[Task details]: Return the following from the records below: each line, word for word, starting with the line that contains "待人齊了之後,我們的行李已經" and going on through the line that contains "Navy renkli, yuvarlak", with nothing outside that range.

*** Data to process ***

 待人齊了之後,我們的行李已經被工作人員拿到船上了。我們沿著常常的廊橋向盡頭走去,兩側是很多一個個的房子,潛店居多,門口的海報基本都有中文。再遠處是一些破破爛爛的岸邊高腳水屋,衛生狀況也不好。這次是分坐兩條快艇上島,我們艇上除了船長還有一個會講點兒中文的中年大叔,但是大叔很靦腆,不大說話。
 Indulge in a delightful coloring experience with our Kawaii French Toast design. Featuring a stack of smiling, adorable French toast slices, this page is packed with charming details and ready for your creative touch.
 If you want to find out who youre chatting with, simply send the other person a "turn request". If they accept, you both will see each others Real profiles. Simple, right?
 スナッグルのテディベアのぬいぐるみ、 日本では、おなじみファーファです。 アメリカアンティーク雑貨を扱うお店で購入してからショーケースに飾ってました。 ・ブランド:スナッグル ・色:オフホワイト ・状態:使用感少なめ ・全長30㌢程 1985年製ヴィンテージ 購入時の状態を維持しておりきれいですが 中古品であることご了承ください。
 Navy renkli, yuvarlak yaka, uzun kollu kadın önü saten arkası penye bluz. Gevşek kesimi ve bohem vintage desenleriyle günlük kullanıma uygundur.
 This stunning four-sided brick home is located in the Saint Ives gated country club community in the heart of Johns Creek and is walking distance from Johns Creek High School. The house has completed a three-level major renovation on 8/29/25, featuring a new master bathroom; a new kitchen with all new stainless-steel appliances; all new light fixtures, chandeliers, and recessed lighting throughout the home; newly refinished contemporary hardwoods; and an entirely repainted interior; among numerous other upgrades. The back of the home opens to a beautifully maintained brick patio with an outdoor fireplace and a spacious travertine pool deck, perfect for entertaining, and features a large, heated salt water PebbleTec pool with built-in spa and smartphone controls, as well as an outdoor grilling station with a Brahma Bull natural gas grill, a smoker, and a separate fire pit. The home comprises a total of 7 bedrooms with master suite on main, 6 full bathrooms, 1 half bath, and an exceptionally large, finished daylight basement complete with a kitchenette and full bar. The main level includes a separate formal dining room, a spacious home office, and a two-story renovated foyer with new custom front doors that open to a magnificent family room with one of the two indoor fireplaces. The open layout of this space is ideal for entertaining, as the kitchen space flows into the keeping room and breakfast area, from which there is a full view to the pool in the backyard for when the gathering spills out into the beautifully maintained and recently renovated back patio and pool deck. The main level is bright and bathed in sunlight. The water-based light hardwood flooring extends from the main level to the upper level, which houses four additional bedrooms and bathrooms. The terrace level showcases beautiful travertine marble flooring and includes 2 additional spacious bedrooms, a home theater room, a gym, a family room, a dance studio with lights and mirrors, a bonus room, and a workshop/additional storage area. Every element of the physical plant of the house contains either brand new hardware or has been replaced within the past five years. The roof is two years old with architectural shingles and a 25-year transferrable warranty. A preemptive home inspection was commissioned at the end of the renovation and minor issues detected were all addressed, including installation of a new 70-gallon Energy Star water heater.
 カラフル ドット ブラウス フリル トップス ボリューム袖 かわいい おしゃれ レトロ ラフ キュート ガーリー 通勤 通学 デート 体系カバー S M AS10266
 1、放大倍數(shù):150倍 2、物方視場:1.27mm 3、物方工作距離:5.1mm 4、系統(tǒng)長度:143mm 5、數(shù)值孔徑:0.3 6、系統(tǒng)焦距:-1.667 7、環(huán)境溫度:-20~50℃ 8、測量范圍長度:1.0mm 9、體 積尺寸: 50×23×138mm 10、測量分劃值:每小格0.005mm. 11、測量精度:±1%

*** End of Data to process ***
*** Data to process ***

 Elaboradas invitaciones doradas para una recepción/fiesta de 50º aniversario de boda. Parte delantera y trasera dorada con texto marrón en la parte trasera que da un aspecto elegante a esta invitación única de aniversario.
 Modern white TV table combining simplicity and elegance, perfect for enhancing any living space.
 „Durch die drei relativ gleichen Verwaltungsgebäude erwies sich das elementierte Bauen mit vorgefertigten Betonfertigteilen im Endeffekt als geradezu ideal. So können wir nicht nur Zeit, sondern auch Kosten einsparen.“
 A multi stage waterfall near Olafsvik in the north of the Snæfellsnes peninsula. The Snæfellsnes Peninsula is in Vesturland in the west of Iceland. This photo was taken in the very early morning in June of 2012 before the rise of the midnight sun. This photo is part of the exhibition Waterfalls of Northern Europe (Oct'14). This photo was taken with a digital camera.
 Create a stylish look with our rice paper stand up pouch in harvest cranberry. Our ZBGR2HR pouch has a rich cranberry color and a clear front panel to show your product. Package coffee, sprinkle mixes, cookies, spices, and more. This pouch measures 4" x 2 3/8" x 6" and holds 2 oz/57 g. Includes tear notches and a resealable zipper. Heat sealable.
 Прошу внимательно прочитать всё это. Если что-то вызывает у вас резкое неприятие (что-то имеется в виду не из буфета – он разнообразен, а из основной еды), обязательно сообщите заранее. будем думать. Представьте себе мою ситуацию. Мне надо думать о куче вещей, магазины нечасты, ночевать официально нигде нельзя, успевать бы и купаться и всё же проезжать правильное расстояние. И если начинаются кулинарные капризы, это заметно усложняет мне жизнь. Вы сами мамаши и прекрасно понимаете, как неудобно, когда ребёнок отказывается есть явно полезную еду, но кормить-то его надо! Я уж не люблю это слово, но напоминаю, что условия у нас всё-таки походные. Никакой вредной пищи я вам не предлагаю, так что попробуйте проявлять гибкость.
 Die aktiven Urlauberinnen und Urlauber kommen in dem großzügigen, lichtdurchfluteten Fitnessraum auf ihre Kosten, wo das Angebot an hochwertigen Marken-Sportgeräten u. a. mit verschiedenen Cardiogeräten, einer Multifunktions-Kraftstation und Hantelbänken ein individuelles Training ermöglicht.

*** End of Data to process ***

[Answer space]:
 待人齊了之後,我們的行李已經被工作人員拿到船上了。我們沿著常常的廊橋向盡頭走去,兩側是很多一個個的房子,潛店居多,門口的海報基本都有中文。再遠處是一些破破爛爛的岸邊高腳水屋,衛生狀況也不好。這次是分坐兩條快艇上島,我們艇上除了船長還有一個會講點兒中文的中年大叔,但是大叔很靦腆,不大說話。
 Indulge in a delightful coloring experience with our Kawaii French Toast design. Featuring a stack of smiling, adorable French toast slices, this page is packed with charming details and ready for your creative touch.
 If you want to find out who youre chatting with, simply send the other person a "turn request". If they accept, you both will see each others Real profiles. Simple, right?
 スナッグルのテディベアのぬいぐるみ、 日本では、おなじみファーファです。 アメリカアンティーク雑貨を扱うお店で購入してからショーケースに飾ってました。 ・ブランド:スナッグル ・色:オフホワイト ・状態:使用感少なめ ・全長30㌢程 1985年製ヴィンテージ 購入時の状態を維持しておりきれいですが 中古品であることご了承ください。
 Navy renkli, yuvarlak yaka, uzun kollu kadın önü saten arkası penye bluz. Gevşek kesimi ve bohem vintage desenleriyle günlük kullanıma uygundur.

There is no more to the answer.